- A Vale (VALE3) divulgou sua prévia operacional do segundo trimestre de 2025, com produção de minério de ferro 2% acima das expectativas, totalizando entre 325 e 335 milhões de toneladas anuais.
- Apesar do aumento na produção, as vendas caíram, refletindo uma demanda fraca e uma mudança na estratégia da empresa, que prioriza produtos de menor custo.
- O desempenho em cobre e níquel foi positivo, com produção superando as expectativas em 3%, sendo a maior desde 2021 e 2019, respectivamente.
- O preço realizado do minério foi de US$ 85,1 por tonelada, ligeiramente acima das previsões, mas inferior ao ano anterior.
- Os analistas permanecem cautelosos, com previsões de preços mais fracos para o segundo semestre de 2025, enquanto o Goldman Sachs mantém recomendação de compra, com preço-alvo de US$ 15,50 por ADR.
A Vale (VALE3) divulgou, na noite de terça-feira, 22, sua prévia operacional do segundo trimestre de 2025, apresentando crescimento de 2% na produção de minério de ferro, superando as expectativas do mercado.

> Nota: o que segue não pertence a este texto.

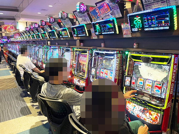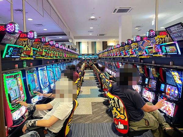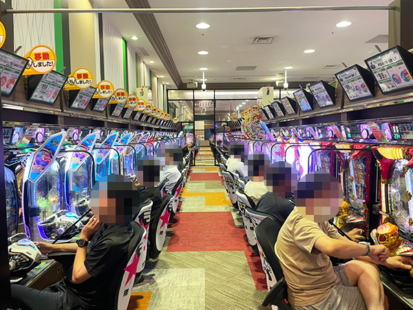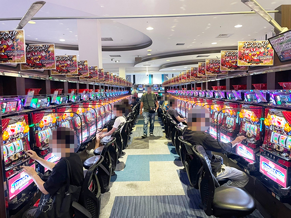取材時は既に多くのプレイヤーであふれており、パチンコ・パチスロを問わず楽しげな表情でいっぱいだった。

No entanto, as vendas caíram, refletindo uma demanda fraca e uma mudança na estratégia da empresa, que prioriza produtos de menor custo.
Os analistas do BTG Pactual destacaram que a produção de minério de ferro alcançou 325 a 335 milhões de toneladas anuais, mas a queda nos embarques e nos preços por tonelada indicam um cenário desafiador. A estratégia da Vale de focar em pellet feed em vez de pelotas é uma resposta à demanda por minérios de maior qualidade. A XP Investimentos avaliou os resultados como neutros, ressaltando a diversificação do portfólio da mineradora.
Desempenho em Metais Básicos
Os números também mostraram um desempenho positivo em cobre e níquel, com produção superando as expectativas em 3%. A produção de níquel e cobre foi a maior desde 2021 e 2019, respectivamente. O Bradesco BBI reiterou sua recomendação de compra, destacando que a produção de iodetos de níquel no Sistema Norte atingiu o maior nível desde 2021, apesar da queda nas vendas.
O Morgan Stanley projetou um EBITDA de US$ 3,15 bilhões para o trimestre, em linha com as expectativas, apesar da redução nas remessas de pelotas. O preço realizado do minério foi de US$ 85,1 por tonelada, ligeiramente acima das previsões, mas ainda inferior ao ano anterior. O Itaú BBA também manteve sua recomendação de compra, com um preço-alvo de US$ 13 por ADR.
Expectativas Futuras
Os analistas permanecem cautelosos quanto ao futuro da Vale, com o BTG Pactual prevendo revisões negativas para o segundo semestre de 2025, à medida que os investidores ajustam suas expectativas a um cenário de preços mais fracos. O banco estima que o minério de ferro deve ser negociado a US$ 95 a tonelada em 2025 e US$ 85 em 2026. Em contrapartida, o Goldman Sachs vê métricas operacionais promissoras e mantém sua recomendação de compra, com um preço-alvo de US$ 15,50 por ADR, indicando um potencial de alta de 49,75%.
Os resultados completos do segundo trimestre serão divulgados no próximo dia 31 de julho.